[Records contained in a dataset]
***
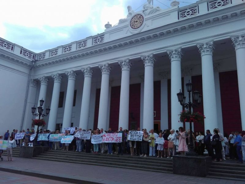 Параллельно с пленарным заседанием под стенами мэрии начался митинг инвесторов первой очереди жилого комплекса на 16–й станции Большого Фонтана.
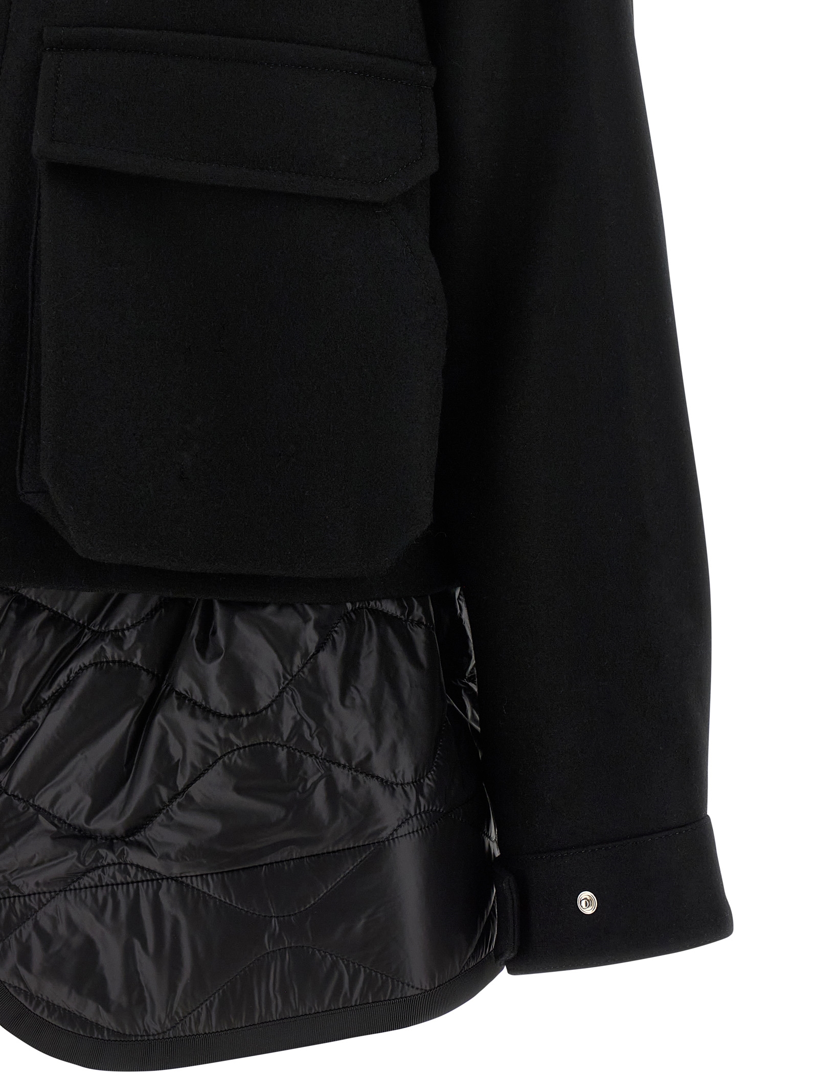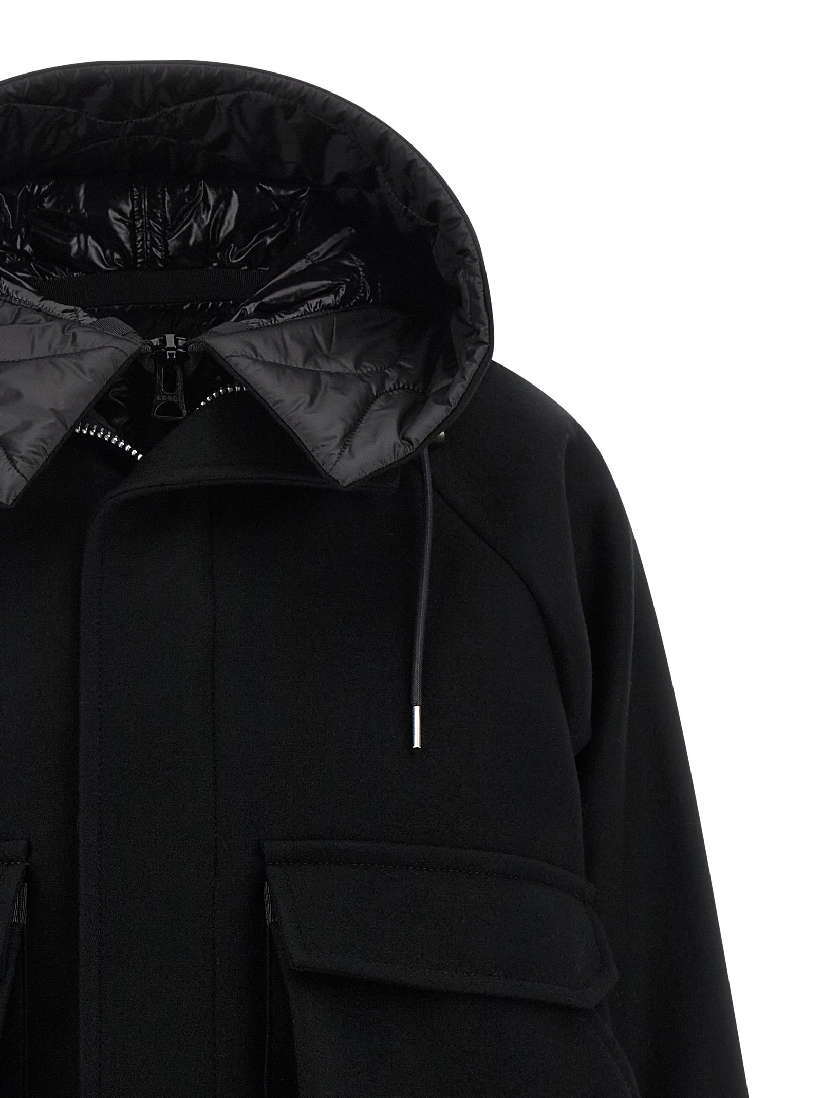‘Melton’ blouson consisting of wool outer part and quilted and slightly padded nylon inside, adjustable hood, front zip closure, pockets, long cuffed sleeves, asymmetrical hem.
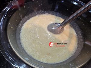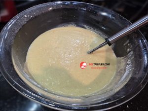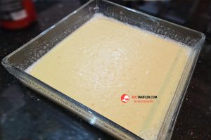 5. Fırın tepsisini yağlayalım ve akışkan hamurumuzu tepsiye yayalım.
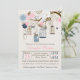 Pink and Navy Blue Hanging Cages Jars Baby Shower Invitation
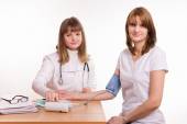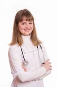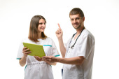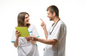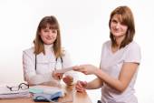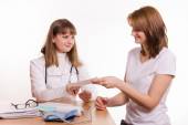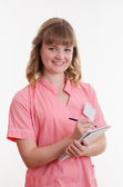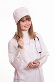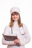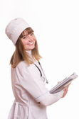 Oficer medyczny w biały płaszcz pisze w notatnik informacji
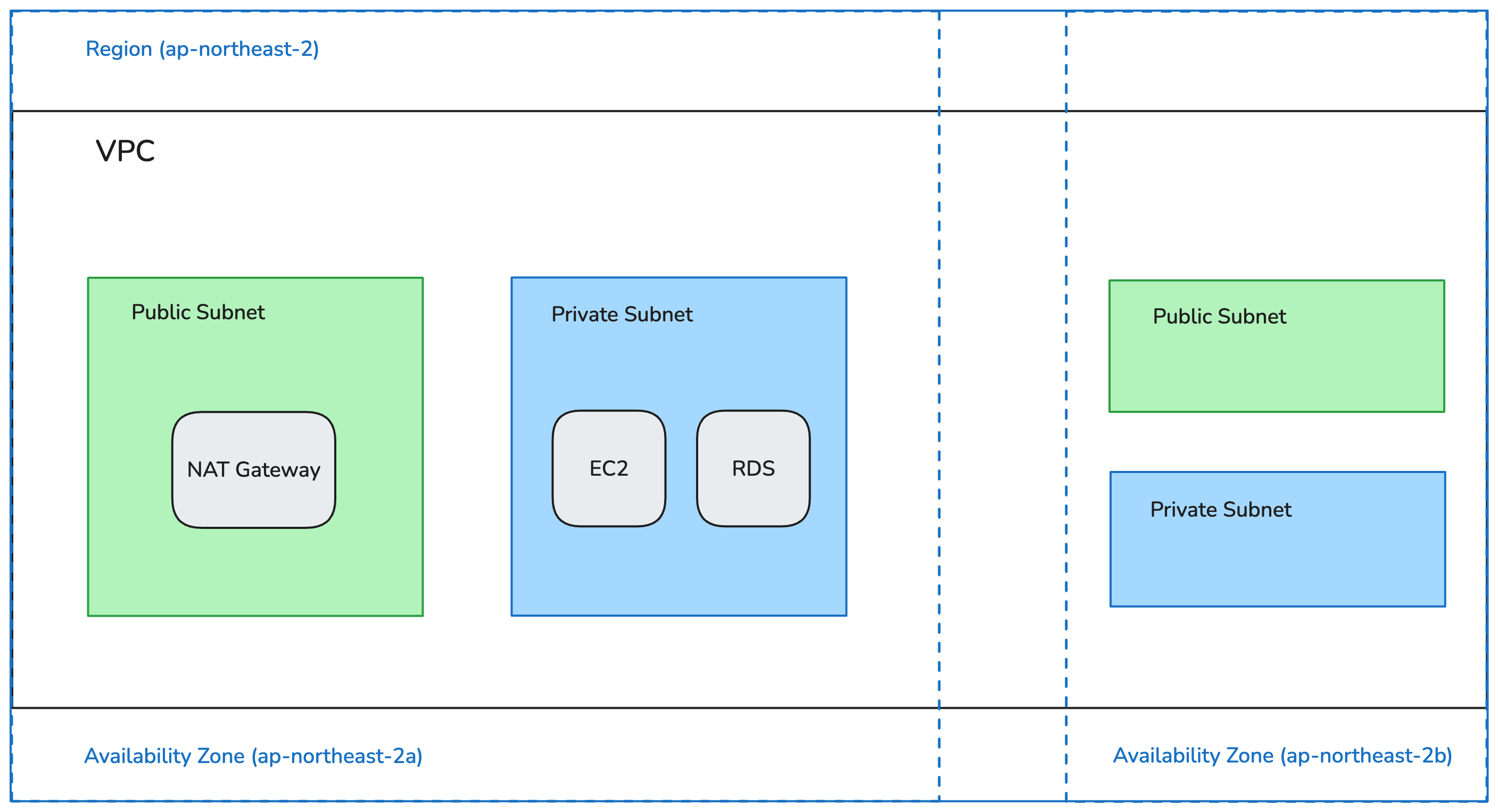 - 가용 영역(AZ) 2개 구성: 고가용성을 위해 서울 리전의 두 개의 다른 데이터 센터(AZ)에 걸쳐 네트워크를 구성했다. 하나의 AZ에 문제가 생겨도 다른 AZ에서 서비스를 운영할 수 있는 기반을 마련한 것이다.
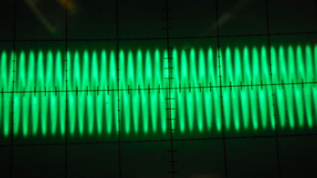 also, bis 200MHz ist der Oszi gut zu gebrauchen, wenn man auf die Genauigkeit der Amplituden einen nicht so grossen Wert legt. Bei höheren Frequenzen wird der Strahl sehr unscharf, bis man dann nur noch einen hellen Balken sieht, dessen Amplitude bei noch höheren Frequenzen jetzt deutlich abnimmt. Als ich allerdings in die Region über 500MHz kam sah ich plötzlich eine Resonanz. Ich habe jetzt mal statt dem sehr kurzen Koax-Verbindungskabel ein längeres verwendet. Die Frequenz war fast gleich. Auf einem parallel angeschlossenem Oszi kann man diese Oszillation erkennen. Aus irgendeinem Grund kommt der Tek in einem ganz kleinen Bereich in Resonanz.
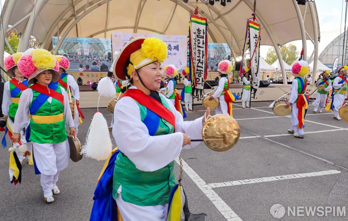 [서울=뉴스핌] 양윤모 기자 = 26일 오후 강원도 평창군 용평면 평창농악축제장 일원에서 열린 '2025평창농악축제'메인무대에서 함안 화천농악(경남무형유산) 공연이 펼쳐지고 있다. '흥겹게 울려펴지는 우리 소리! 신명나게 즐기는 평창의 가을'이란 주제로 열리는 올해 축제는 다양한 전통 농악 공연과 체험행사등 평창의 특색있는 먹거리로 열렸다. [사진=평창군청] 2025.10.26 yym58@newspim.com
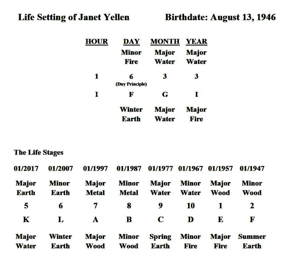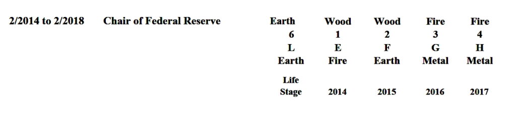 The copious quantities of fire and earth are clearly evident, demonstrating that Yellen’s day principle is on the weak side, which apparently benefited from strengthening the elements of fire and earth. This preliminary conclusion is further engendered by the cosmic energetic makeup of her life during her successful stint as the Federal Reserve Chair from February 2014 to February 2018:
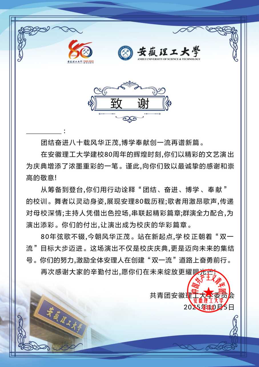 站在新起点,学校正朝着“双一流”目标大步迈进,这场演出不仅是校庆庆典,更是迈向未来的集结号。学校将传承80年薪火、不断守正创新,继续深耕教育沃土,勇担时代使命,为培养更多担当民族复兴大任的时代新人、为建设教育强国和实现中华民族伟大复兴的中国梦,阔步新征程,昂首向未来。
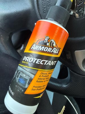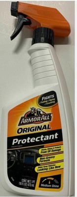 Armor All Original Car Protectant helps you keep your vehicle looking like new. This non-greasy dust remover cleans, shines and protects. The Armor All cleaner prevents cracking, fading, discoloration and aging caused by UV light. Use it to clean away dirt, dust and debris, or as a vinyl protectant to renew and revitalize vinyl, rubber and plastic. Spray it on a clean cloth or directly on surfaces and wipe away the excess. The car interior cleaner works on dashboards, door panels, vinyl seats and consoles. Help keep your car looking and feeling like new with Armor All.
***
I would like the exact lines from the data above, starting with the one that holds "- 가용 영역(AZ)" and going on through the one that holds "[서울=뉴스핌] 양윤모 기자", without the pictures.

 - 가용 영역(AZ) 2개 구성: 고가용성을 위해 서울 리전의 두 개의 다른 데이터 센터(AZ)에 걸쳐 네트워크를 구성했다. 하나의 AZ에 문제가 생겨도 다른 AZ에서 서비스를 운영할 수 있는 기반을 마련한 것이다.
 also, bis 200MHz ist der Oszi gut zu gebrauchen, wenn man auf die Genauigkeit der Amplituden einen nicht so grossen Wert legt. Bei höheren Frequenzen wird der Strahl sehr unscharf, bis man dann nur noch einen hellen Balken sieht, dessen Amplitude bei noch höheren Frequenzen jetzt deutlich abnimmt. Als ich allerdings in die Region über 500MHz kam sah ich plötzlich eine Resonanz. Ich habe jetzt mal statt dem sehr kurzen Koax-Verbindungskabel ein längeres verwendet. Die Frequenz war fast gleich. Auf einem parallel angeschlossenem Oszi kann man diese Oszillation erkennen. Aus irgendeinem Grund kommt der Tek in einem ganz kleinen Bereich in Resonanz.
 [서울=뉴스핌] 양윤모 기자 = 26일 오후 강원도 평창군 용평면 평창농악축제장 일원에서 열린 '2025평창농악축제'메인무대에서 함안 화천농악(경남무형유산) 공연이 펼쳐지고 있다. '흥겹게 울려펴지는 우리 소리! 신명나게 즐기는 평창의 가을'이란 주제로 열리는 올해 축제는 다양한 전통 농악 공연과 체험행사등 평창의 특색있는 먹거리로 열렸다. [사진=평창군청] 2025.10.26 yym58@newspim.com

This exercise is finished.